Pogostemon cablin is a known aromatic plant which is cultivated for its essential oil widely applicated in perfumery and cosmetic industries. In the present study, the effect of biofield treatment was studied on the growth of P. cablin. For this study an in vitro culture system was set up in two groups, viz., control and treatment, each of which was derived from three different explant sources, namely leaf, node and petiole. Further these in vitro plantlets were hardened and transferred to external environment. The stomatal cells and epidermal hair growth were also studied at various morphogenetic stages. The study revealed that a single spell of biofield energy treatment produced significant increase in growth in treated group throughout all the morphogenetic phases from in vitro to in vivo level. A remarkable increase in stomatal cells and epidermal hair was also seen in treated group.

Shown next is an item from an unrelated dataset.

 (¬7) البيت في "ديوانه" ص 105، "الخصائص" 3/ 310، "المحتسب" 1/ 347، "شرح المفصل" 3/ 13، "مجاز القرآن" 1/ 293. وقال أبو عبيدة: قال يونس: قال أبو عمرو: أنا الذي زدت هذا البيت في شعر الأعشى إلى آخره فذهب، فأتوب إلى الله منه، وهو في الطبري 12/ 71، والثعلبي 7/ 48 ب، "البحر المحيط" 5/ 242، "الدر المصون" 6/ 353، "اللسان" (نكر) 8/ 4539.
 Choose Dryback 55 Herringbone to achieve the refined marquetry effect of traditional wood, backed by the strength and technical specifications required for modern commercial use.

Pogostemon cablin, in vitro system, biofield treatment, stomata, stomatal index, epidermal hair, glandular hair
Patchouli (Pogostemon cablin Benth.) is an herbaceous plant native to South and South East Asia (Maheshari et al., 1993). The leaves of the plant yield aromatic oil which is highly valued in perfumery and aromatherapy (Hasegawa et al., 1992). Indonesia is the largest producer of patchouli oil (Department of Biotechnology, 2009). However, this supply of oil is irregular due to the adverse weather conditions. The world consumption of patchouli oil is 1500 tons out of which Indian perfumery market imports over 150 tons of oil annually, as the current production in the country is only around 10 tons. India’s available infrastructure and environment present us the opportunity to gain a major part of the world market for patchouli oil production. To achieve this goal a number of enhancement factors were studied to improve the quality and quantity of patchouli oil to make it readily acceptable for the perfumery industry.

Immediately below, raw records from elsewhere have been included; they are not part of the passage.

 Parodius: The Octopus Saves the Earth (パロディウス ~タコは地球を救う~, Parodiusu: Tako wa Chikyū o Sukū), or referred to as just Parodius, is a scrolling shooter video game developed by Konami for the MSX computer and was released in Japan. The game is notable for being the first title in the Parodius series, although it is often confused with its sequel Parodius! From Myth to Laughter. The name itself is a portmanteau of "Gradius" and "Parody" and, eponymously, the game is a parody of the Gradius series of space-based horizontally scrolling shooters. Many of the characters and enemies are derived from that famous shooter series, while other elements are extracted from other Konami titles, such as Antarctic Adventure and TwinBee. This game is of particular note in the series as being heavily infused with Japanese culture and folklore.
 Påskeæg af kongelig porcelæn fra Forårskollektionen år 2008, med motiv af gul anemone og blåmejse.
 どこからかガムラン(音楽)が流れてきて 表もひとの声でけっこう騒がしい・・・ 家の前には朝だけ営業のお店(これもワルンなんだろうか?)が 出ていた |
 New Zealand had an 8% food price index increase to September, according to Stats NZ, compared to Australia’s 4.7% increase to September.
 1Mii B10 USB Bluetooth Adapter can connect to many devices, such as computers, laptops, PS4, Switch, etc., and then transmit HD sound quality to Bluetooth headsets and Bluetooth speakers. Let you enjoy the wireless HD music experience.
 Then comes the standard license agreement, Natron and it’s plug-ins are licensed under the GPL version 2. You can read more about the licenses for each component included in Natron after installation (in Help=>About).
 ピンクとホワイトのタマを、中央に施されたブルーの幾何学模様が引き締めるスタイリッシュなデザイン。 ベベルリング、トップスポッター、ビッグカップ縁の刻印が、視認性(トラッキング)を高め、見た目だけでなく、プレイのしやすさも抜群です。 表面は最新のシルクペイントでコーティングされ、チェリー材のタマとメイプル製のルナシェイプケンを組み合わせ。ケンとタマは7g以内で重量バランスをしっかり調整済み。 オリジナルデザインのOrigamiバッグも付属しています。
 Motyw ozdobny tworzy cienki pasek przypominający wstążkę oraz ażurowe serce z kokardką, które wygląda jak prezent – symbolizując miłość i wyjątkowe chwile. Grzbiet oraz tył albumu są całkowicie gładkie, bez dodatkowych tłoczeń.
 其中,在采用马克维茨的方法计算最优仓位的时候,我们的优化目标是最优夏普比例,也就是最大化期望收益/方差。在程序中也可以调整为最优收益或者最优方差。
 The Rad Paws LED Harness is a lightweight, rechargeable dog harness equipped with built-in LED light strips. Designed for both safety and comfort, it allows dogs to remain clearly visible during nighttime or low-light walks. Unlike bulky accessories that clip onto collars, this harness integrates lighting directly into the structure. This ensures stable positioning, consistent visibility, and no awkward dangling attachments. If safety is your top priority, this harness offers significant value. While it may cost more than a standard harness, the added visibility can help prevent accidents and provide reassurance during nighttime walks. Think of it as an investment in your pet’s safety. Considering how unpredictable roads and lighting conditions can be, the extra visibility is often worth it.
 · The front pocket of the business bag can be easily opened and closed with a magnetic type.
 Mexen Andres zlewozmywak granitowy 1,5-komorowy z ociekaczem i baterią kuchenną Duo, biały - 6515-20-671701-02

In recent years, many healing modalities have come into picture based on the individual-environment energy interactions. A number of terms were coined for these energy modalities out of which “Biofield” was the term accepted worldwide (Rubik, 2002). Many attempts were made to study the biological effects of these fields on proteins, antibiotics, water, in vitro cells, bacteria, plants and animals (Chein et al., 1991; Schwartz and DeMattei, 1991; Benor, 1990; Rein, 1995; Chen et al., 2002; Mo et al., 2003; Creath and Schwartz, 2004; Baldwin and Schwartz, 2006).
So, far researchers have worked upon the healing effect of these biofields in different medical streams such as hematology, immunology, wound healing ability and other clinical applications (Krieger, 1976; Wirth, 1990; Olson et al., 1997; Movaffaghi et al., 2006). However, until now not much work has been done to study the effect of biofields on the plants in in vitro system. It has been well known that plants are complex multicellular organisms that are highly sensitive to initial assaying of effects and testing of new therapies.
The current research was undertaken to study the effect of biofield treatment on P. cablin in vitro. The research was focused on the effect of energy transfer to P. cablin plants in in vitro system and its effect on growth in different morphogenetic phases.
MATERIALS AND METHODS
Plant material: The current study was carried out from January 2011-January 2012. The in vitro plantlets of P. cablin established in our plant tissue culture laboratory were used as an explant source for the present study. The leaf, node and petiole from these in vitro plantlets were used as explants for clonal propagation. In vitro initiation from these plantlets was done in triplicate at intervals of one week.
Media: Leaf, node and petiole explants obtained were cultured on Murashige and Skoog’s Medium (MS) (Murashige and Skoog, 1962) supplemented with 3% (w/v) sucrose, pH 5.7. The medium was solidified using 0.8% (w/v) agar (Bacteriological grade, Marine Chemicals, Cochin, India). All the chemicals used were from Qualigens and of analytical grade. About 20 and 50 mL media was dispensed in Pyrex glass Borosil®culture tubes (25×150 mm) and culture bottles, respectively. The tubes and bottles were covered with tight fitting plastic caps. Both the culture tubes and bottles were autoclaved at 1.05 kg cm—2 for 15 min. The cultures were maintained at 25±2°C under 16 h photoperiod provided by the cool-white fluorescent tubes.
Biofield treatment modality: The biofield treatment was given to the cultures via Single Treatment method (ST). In ST the cultures were subjected to biofield treatment only once at the initiation phase. In addition to this, respective sets of control cultures that were devoid of any treatment were also maintained. Thus, two groups of cultures obtained from leaf, node and petiole explant viz., control and treated, were maintained for further study.
Establishment of in vitro cultures
Shoot initiation: Leaf, node and petiole explants obtained from in vitro plantlets were inoculated on full strength basal MS medium in glass tubes. After one week in initiation medium the treated group of cultures was subjected to a spell of treatment via ST method. The cultures were maintained on shoot initiation medium for a month. After a month they were transferred to shoot multiplication medium. At the end of the month the total number of shoots produced per explant in each set was scored and the data was analyzed by paired t-test.
Shoot multiplication: The initiated shoots from shoot initiation medium were transferred to shoot multiplication medium that is full strength basal MS medium in glass bottles. The cultures were maintained on shoot multiplication medium for five months and were subcultured after every month. The total biomass of cultures and multiplication rate was scored at the end of each month. The data was analyzed by paired t-test.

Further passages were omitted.